FWIW - I doubt your Christianity is relevant - we're atheists and we have had our moments.>


----------



## jlg07 (Feb 24, 2017)

So, don't let this argument fester in you or you will start being resentful.
CALMLY sit down and TALK WITH her (not TO HER). Try to make sure your phrasing isn't such that she immediately becomes defensive.
IF it's bothering you this much after so long, you REALLY need to talk it out.


----------



## Adelais (Oct 23, 2013)

Have you always been like this, or did it gradually or suddenly come about?

If you didn't used to be this way, and now are, I suspect that you have resentment or are just plain tired of the same old things. (I am a Christian too, BTW.) Christians are humans, with the exact feelings, strengths and weaknesses as non Christians. We have Christ, who forgives us our sins, but I have yet to experience the Holy Spirit removing my faults from me. Even Paul had the "thorn in his side" that he couldn't overcome.

You will need to bring the issues that bother you out into the open, and discuss them with your wife. Brushing things under the rug doesn't make them go away, it just temporarily hides them. They need to be dealt with, stopped, cleaned up, etc. so they don't resurface at a later date.


----------



## sokillme (Jun 10, 2016)

Remember you became a Christian because you acknowledged you need a savior not to become perfect. 

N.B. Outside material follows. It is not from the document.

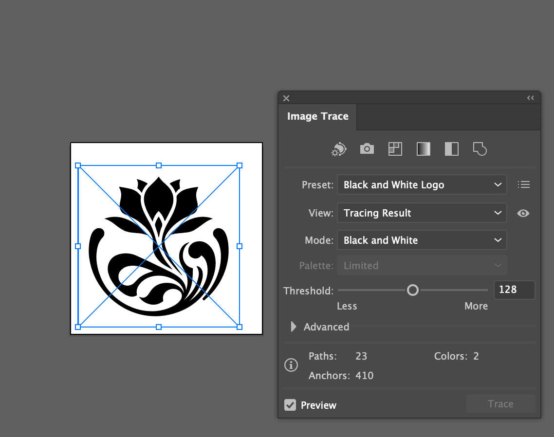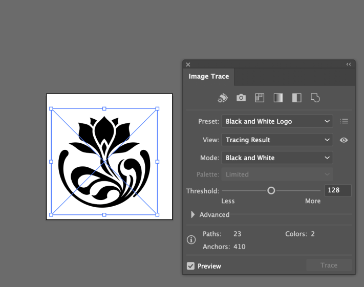 - Avaa Image Trace -paneeli: yläpalkista Window > Image Trace. Tämä avaa jäljitystyökalun (Tracing) asetukset (kelluva valikko).

As for you and your wife, you should get some marriage counseling to learn how to disagree better. Remember you argue to solve disagreements not to win. If you are trying to win you are doing it wrong.


----------



## Spicy (Jun 18, 2016)

Agreed, we all face challenges in our marriages.

For us, we do pretty much immediately discuss the problem thru to resolution, the fight we are having, very quickly after it happens. Definitely same day. Attempting to not “go to bed mad”. 

It really works for us for two reasons.

1. We both are communicators and we talk a lot. 
2. We are both happy people and when the new day begins, neither of us ever want to lug in that stupid problem from yesterday. We just leave the crap behind that, because this new day will have its own anxieties.


----------



## Diana7 (Apr 19, 2016)

Find a good marriage course and go on it.


----------



## aquarius1 (May 10, 2019)

kjblue, a couple of days is NOT ok. It kills the marriage over time.

If this is a repeating issue, sit down to discuss or get counselling.

You need some help learning to let go. For the sake of your marriage


----------